The People Skills of a Good Reliability Engineer

14780859991_8a9053e4e1_zThe People Skills of a Good Reliability Engineer

Having the technical and business skills is not sufficient to be a good reliability engineer.

You must also work with other people. With your peers, across the management team, with suppliers, contractors, and customers.

The ability to work well with others is often complex and situational. Being aware of a few basic skills will allow you learn and improve. Prette and Prette define social competence as the social skills

that meet the different inter-personal demands in the workplace in order to achieve the goals, preserve the well-being of the staff and respect the rights of each other.

A. Del Prette and Z. A. P. Del Prette, Psicologia das relac ̧o ̃es interpessoais: viveˆncias para o trabalho em grupo, Vozes, Petro ́ polis, 2001.

An engineer needs an awareness of the social situation and how their behavior influences others, along with a capability to correctly understand the behavior and needs of others. The concepts discussed under emotional intelligence include:

  • self-awareness
  • self-regulation
  • Motivation
  • Empathy
  • and social skills

Goleman, D., Emotional Intelligence: Why It Can Matter  More than IQ. New York: Bantam Books (1995).
Goleman, D., Working with Emotional Intelligence.  London: Bloomsbury Publishing (1998).

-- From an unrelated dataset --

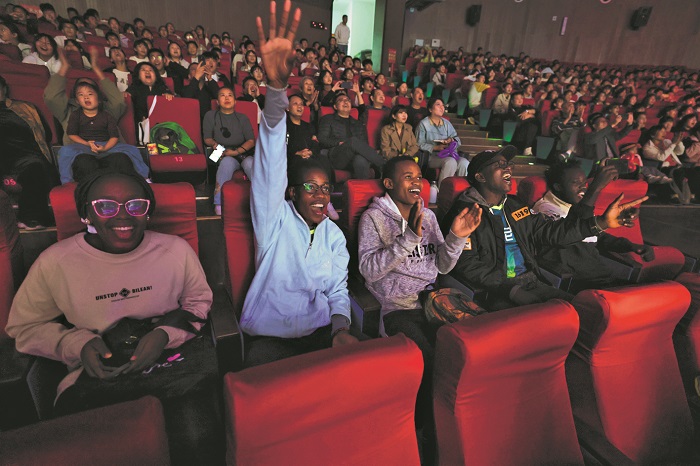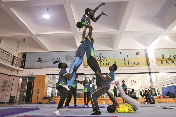 10月13日,来自非洲的学员们在一起练习“大武术”杂技。

The ability to influence others or to aide in understanding a technical situation relies on effective communication. Beyond presenting the facts, finding, and conclusions, your communication must also build upon the audiences’ current understanding and capability. Also, our presentation must address the needs and expectations of the audience. The audience needs are often unstated, thus the need for your ability to correctly assess the social situation.

A Meeting Example

Let’s say two engineers join a meeting to discuss an engineering problem that requires a solution. One engineer, Juan, has social skills and the other, Tomas, does not. As the team assemblies Juan arrives a minute or two early and greets his co-workers and responds to greetings and comments pleasantly. Tomas arrives on time, does not greet anyone and focuses on his laptop catching up on a few emails messages till the meeting is called to order.

A member of the team opens with a short review of the specific technical challenge and as she started with the review of what is known to date, is interrupted by Tomas. Tomas launches into his solution for the problem and remarks that the remainder of the meeting is pointless as he already has an appropriate solution to implement. The solution is not obvious to the remainder of the group which frustrates Tomas as he repeats his assertion that he has a solution. There is social tension building which Tomas does not recognize.

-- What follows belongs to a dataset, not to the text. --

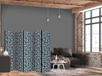Parawan - Rybki wśród liści - Barwne rybki Koi wśród ciemnozielonych lisci nenufarów na tafli granatowej wody to doskonały sposób na ubogacenie wnętrza nietuzinkową ozdobą.  Wysokiej jakości wzór oraz najwyższa klasa materiałów sprawią, że parawan idealnie podkreśli wystrój wnętrza, jednocześnie dyskretnie dzieląc pomieszczenie, a także zasłaniając mniej reprezentatywne jego części.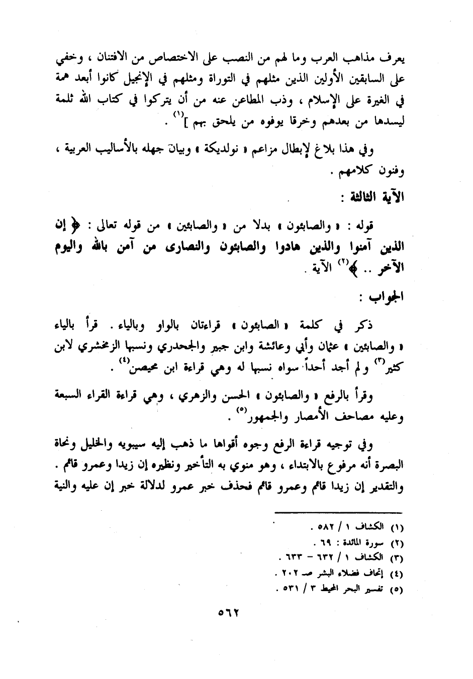 وقرأ بالرفع «والصابئون» الحسن والزهري، وهي قراءة القراء السبعة وعليه مصاحف الأمصار والجمهور «5».

Juan does sense the discontent between Tomas and the rest of the team. Juan does not fully understand the problem nor Tomas’ solution, yet injects a few questions that help guide Tomas to guide the team to better understand the problem and proposed solution. Juan facilitates a discussion between those with knowledge of the problem so the entire team fully understands the issue, plus assists Tomas restate the proposed solution again to help everyone understand the proposal.

The story of this meeting could continue, with more elements of lack of social awareness and skills and possible methods to create progress. It is situations without someone like Juan having the awareness and social adeptness to facilitate effective and socially acceptable communication, that likely end poorly.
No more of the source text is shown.